Sunday 19 April 2015

Day 202: Our saviour...


Still scarred from yesterday's 'eggs', we ate breakfast in our cabin this morning – some oranges and pastries we bought yesterday. The ferry docked at about 9.30am and we joined the queue to disembark - and then joined the queue to get through passport control. Not surprisingly, the passport/visa-checking process was quite time-consuming and nerve-racking. I had a worrying moment when the officials repeatedly asked me for something I didn't have – an 'arrival card' – but it turned out to be something they give to short-stay ferry passengers, so all was okay.

When we had finally passed through to the other side, we got some rubles from an ATM and then headed outside. As our hotel was some distance from the port and the public transport option looked disturbingly complicated, we had planned to splash out on a taxi, but when we got outside, they were pretty thin on the ground and those that we did managed to find either flat-out refused to take us, suggested we had to call the central booking office first, or quoted us a fare about twice what we had been told by the hotel was reasonable. Eventually, we gave up and Kate went back inside to find out where the bus stop was. As she spoke to an official, a young man sidled over to offer his advice. When she was finished, he followed her out and offered to guide us, as he was heading the same way (I know, alarm bells ringing, but he seemed really nice!). 


After we had loaded up, he introduced himself as Steve (Stephan) and told us we had two options – a bus that would take us close to our hotel or another bus to the metro station and then a short metro ride. He was taking the latter, so we decided to accompany him. A fairly short bus ride later we were at the metro station, where we bought some tokens and then descended deep, deep into the Earth on an extremely long escalator. Again, as Stephan had said, it was only a short ride – just three stops. The metro station from which we eventually emerged was wonderfully ornate, and the scene the greeted us at street level was somehow just as I probably would have imagined had I ever had cause to do so: the thoroughfares thronged with pedestrians on the pavement and aggressive drivers in shiny SUVs on the tarmac, and overlooked by unbroken rows of grand but grimy buildings in various states of dereliction, decay and deterioration.

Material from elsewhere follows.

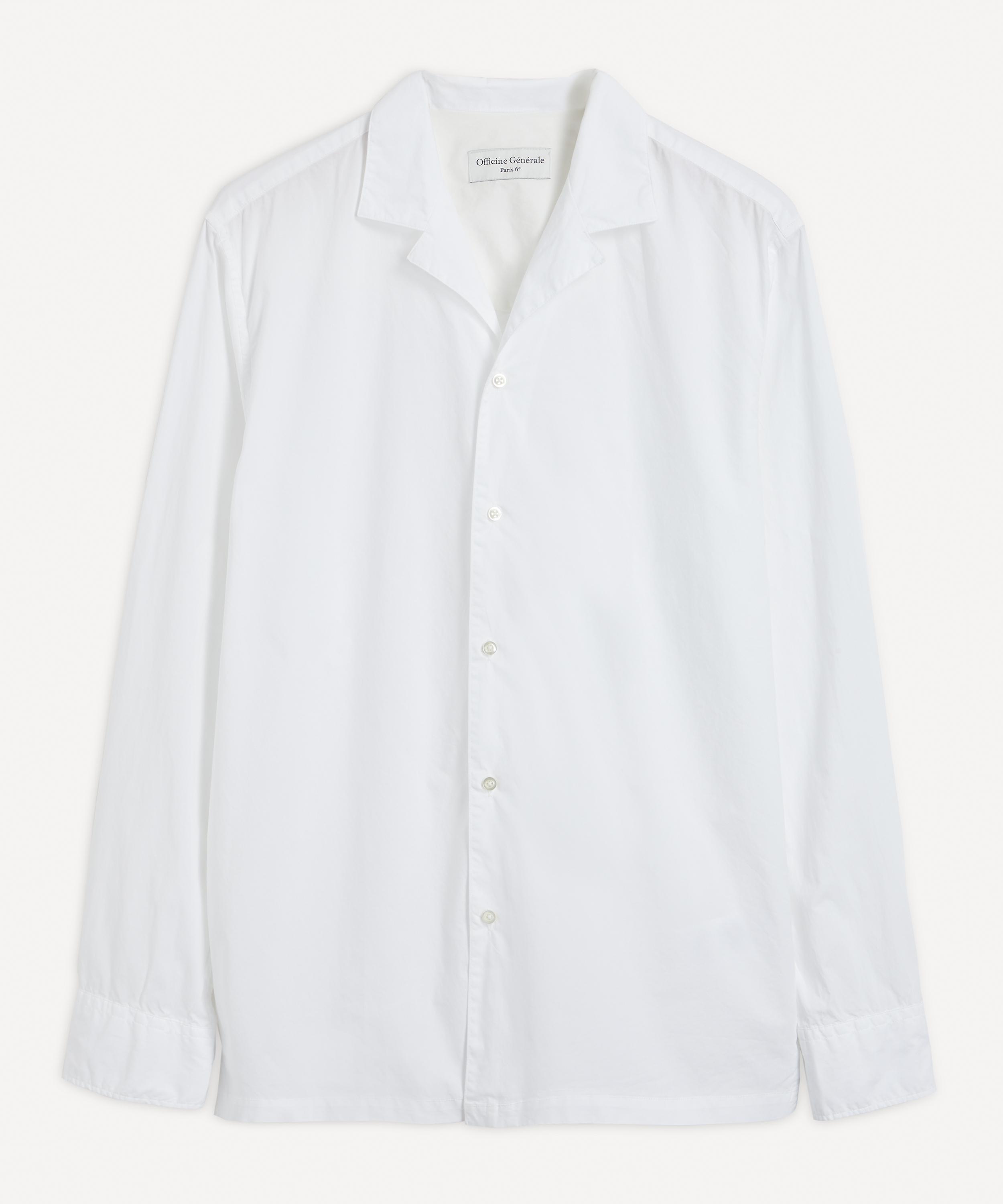 French label Officine Générale imbues that distinctly continental simple luxury into every garment. This crisp white shirt is crafted from cotton poplin and expertly tailored to a regular fit with a straight hem and side-slits. A relaxed interpretation of the classic white shirt, it has a camp collar, complete with a button-down placket and long cuffed sleeves. A timeless and versatile style fit for work and weekends, team it with anything from chinos to denim jeans.

This dichotomy between old-world grandeur and new-world grime was reflected in our hotel. A nondescript brown door separates the street from a gloomy but grand staircase decorated with moth-eaten mosaics and littered with cigarette-butt-filled tin cans and glass jars. Wiring sprouts randomly from the filthy walls; light filters greyly through the filthy windows. Then, on the third landing, another brown door opens onto an immaculate reception area, all polished wood and crystal chandeliers. And our room is a revelation: high ceilings, tasteful furnishings and a sparklingly clean bathroom.

After dropping our bags off, we all went back out for a coffee at one of the local chains. Although it was after 11am, Stephan had some breakfast as well (late night last night). We sipped out coffees and chatted about his time in the USA, his multi-lingual girlfriend who works too hard and his hunt for a satisfying job, while exchanging social media details. And then we parted, our faith in humanity well and truly restored. 


It was lunch time by now, so we walked a few hundred metres up the street to a chain restaurant Stephan had recommended for good cheapish Japanese food (which it was). On the way back to the hotel, we stopped off at a park overlooked by some reassuringly Soviet buildings and a really lovely bakery/cafe. A bit later, we went out for a wander – visiting a properly Soviet supermarket, with a limited selection of unidentifiable foodstuffs and then a surreally Western version of the same, with a range that would have made Waitrose blush. Here, we bought some food for dinner in our room (including a bottle of Bordeaux, a beetroot coleslaw that had Kate in raptures and some smoked wild boar sausage that had the same effect on me and the girls).